Chegamos ao apogeu de uma nova civilização. As ciências avançaram a tal ponto, que mitos caíram, efeitos e lendas foram explicados como fenômenos meramente naturais, trazendo a perspectiva de que nosso planeta tenha sido formado pelo mero acaso, assim como a constelação das estrelas no firmamento do céu, que surgiu para o nosso deleite. Somos o centro do universo, ou mesmo algo abandonado num canto dele, que terá a precípua função de vida e morte, seja no macro ou microcosmo.

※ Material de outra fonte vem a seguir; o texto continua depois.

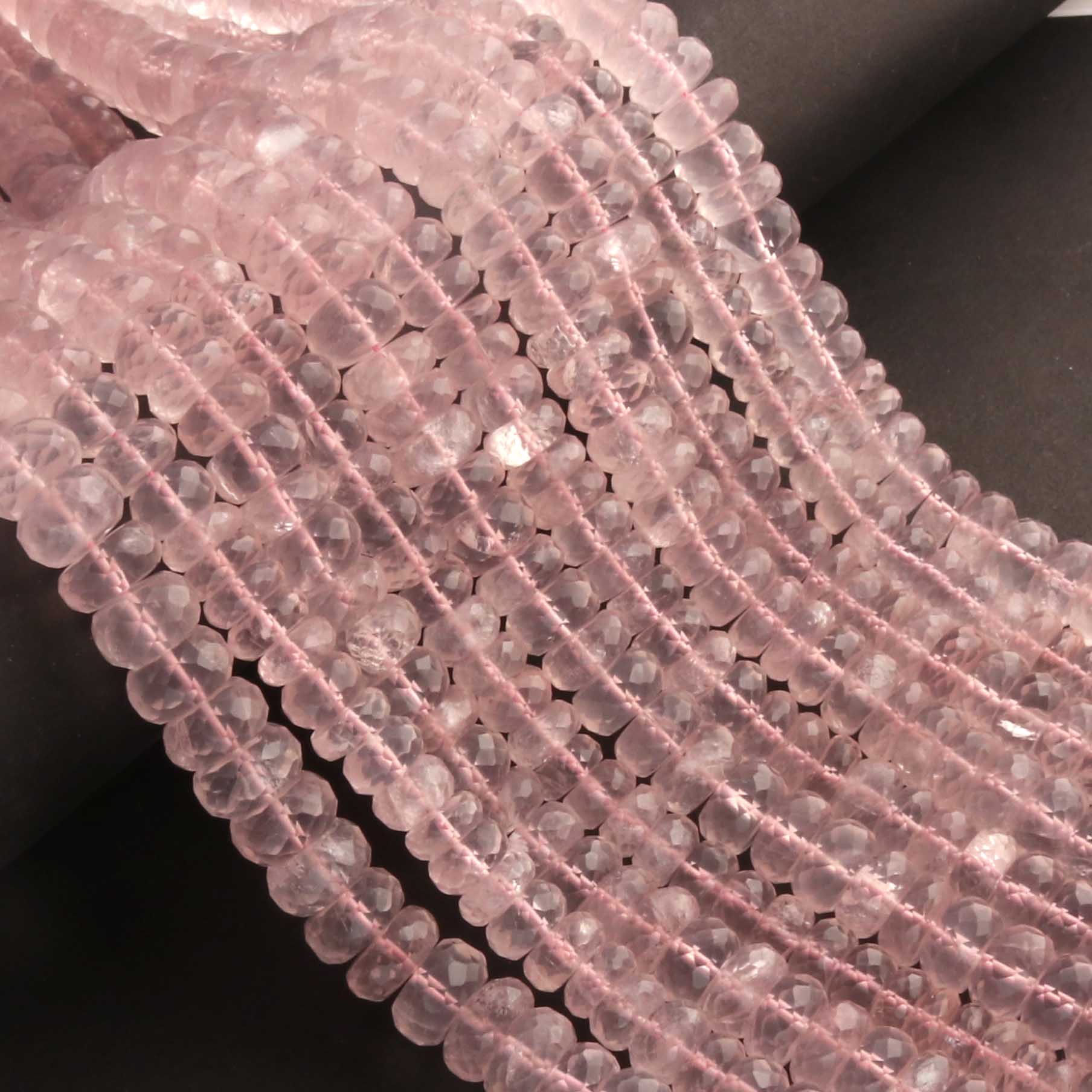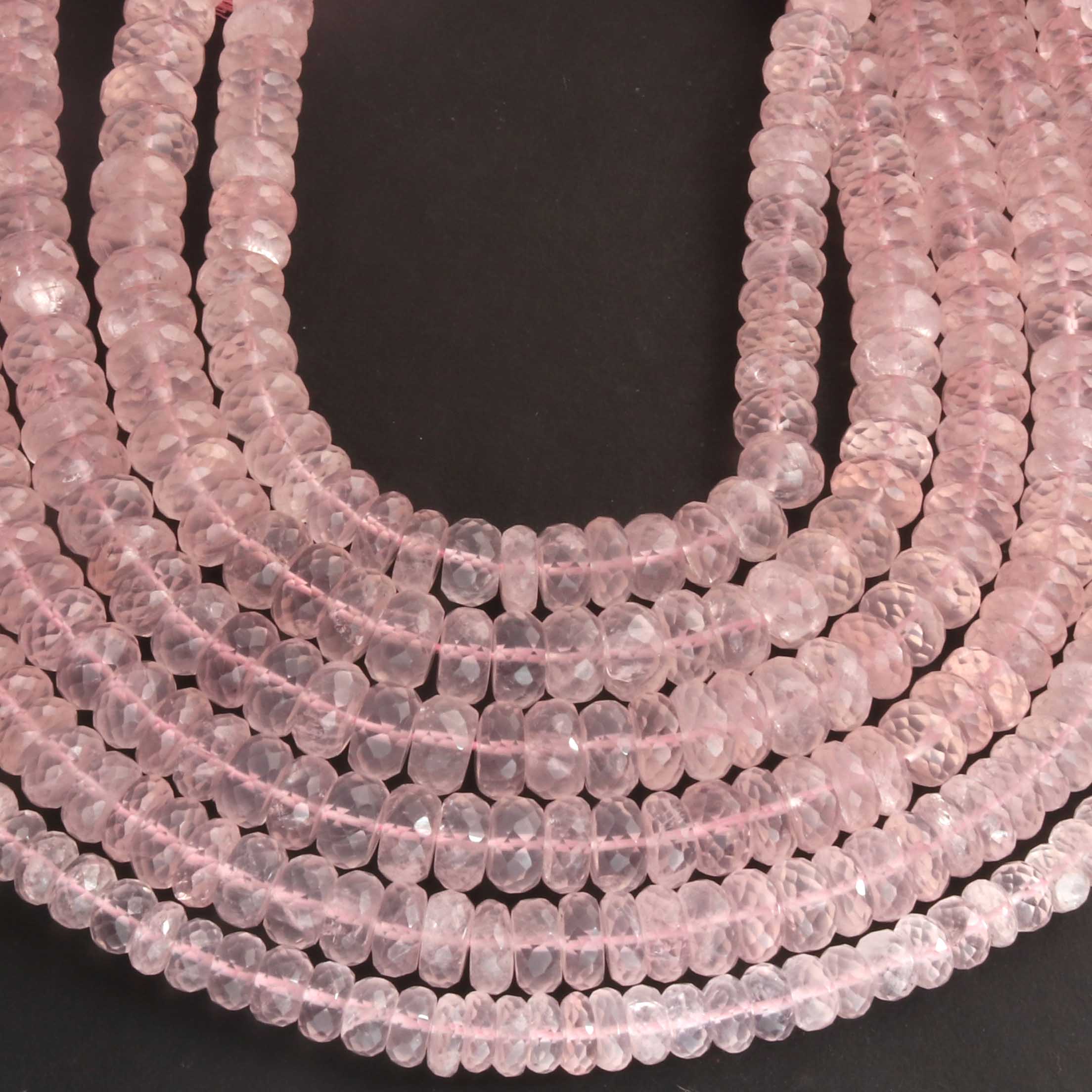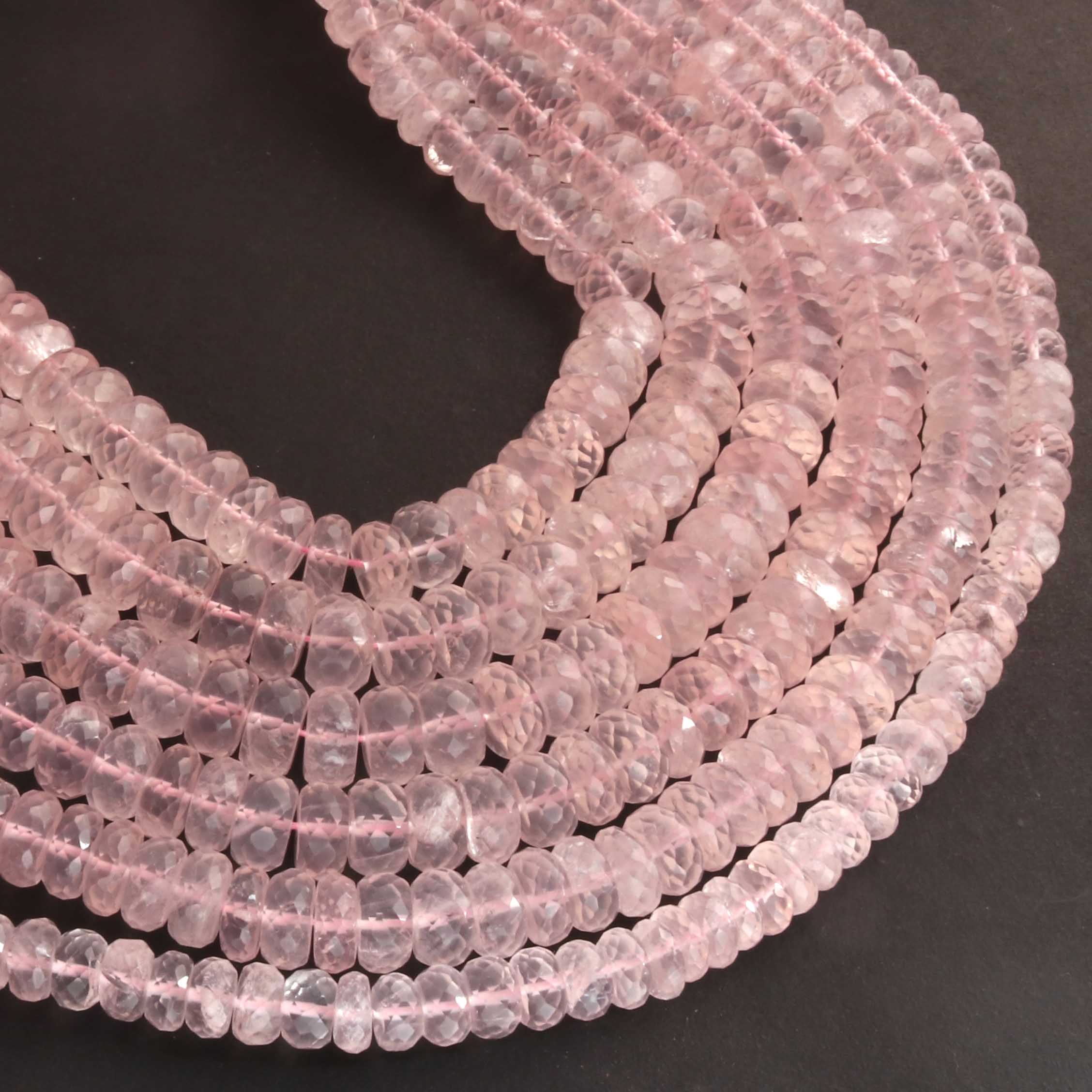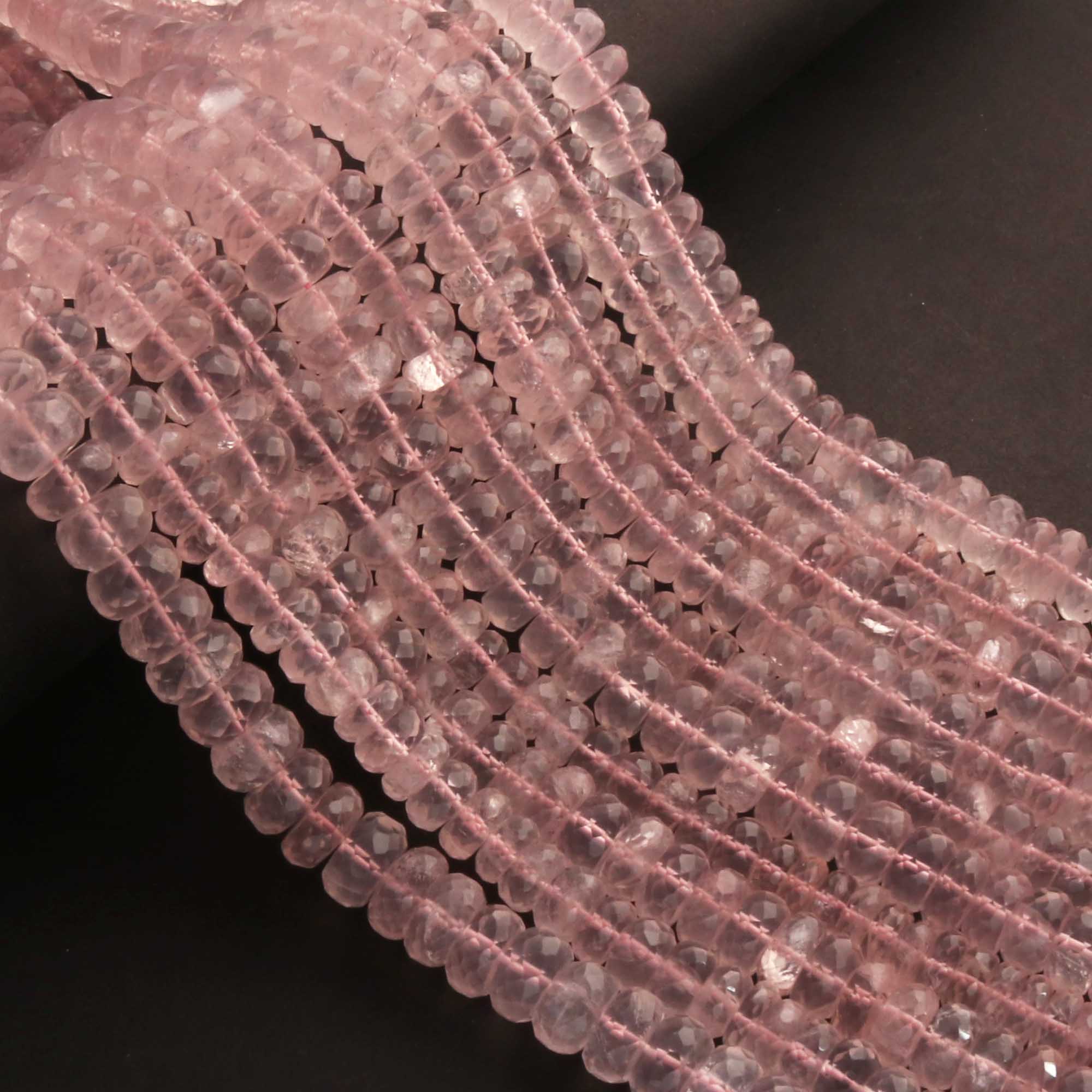1 Strand Rose Quartz Faceted Rondelles -Semi Precious Gemstone Rose Quartz Rondelles Beads- 7mm-10mm 10 Inches BR03705

Estamos aqui sozinhos, no nada, pautando nossas atitudes e ações apenas no agora, fazendo com que o amanhã não exista, muito menos a idéia de futuro. Em nome do prazer sem limites, amor e ódio não existe, e a regra é não ter regras ou escrúpulos. Talvez isto tenha desfigurado a humanidade, a ponto de nosso comportamento chegar às raias do absurdo, e estamos piores que animais, já que o fruto dos desejos promíscuos é descartado como dejetos, em rios, atrás de muros de cemitérios, em estacionamentos ou em covas rasas, assim como os desejos sórdidos que carregamos em nosso coração, movidos por nossas cobiças, invejas, ambições e individualismo.
Apesar da globalização e dos inúmeros fatores agregados a este processo, devemos considerar que a idéia capitalista é semelhante à marxista, onde o indivíduo some dentro do coletivo, a diferença fica apenas nos modelos doutrinários, já que na prática ricos continuam ricos e pobres continuam pobres, ambos em universos diferentes, sem a mínima possibilidade de transigirem. Sobre o ponto de vista da psicanálise, o modelo mátrio conduz ao absolutismo, e o frateo à tirania e opressão, bem lembrada pela psiquiatra, Maria Rita Kehl, em Função Fraterna, onde o filho assassina o pai e assume o comando dos irmãos. O ato cometido pelos irmãos contra o pai simbólico ou real, referido por Frued, ao mesmo tempo, da lei e da culpa. O crime compartilhado intensifica os laços fraternos e exige a produção de um ideal coletivo, que invariavelmente acaba sendo corrompido. Nesta nova concepção de pacto civilizatório, o mais forte comandará o grupo, deixando de lado todo o esforço em compor os desiguais como iguais, desrespeitando a desigualdade de cada um.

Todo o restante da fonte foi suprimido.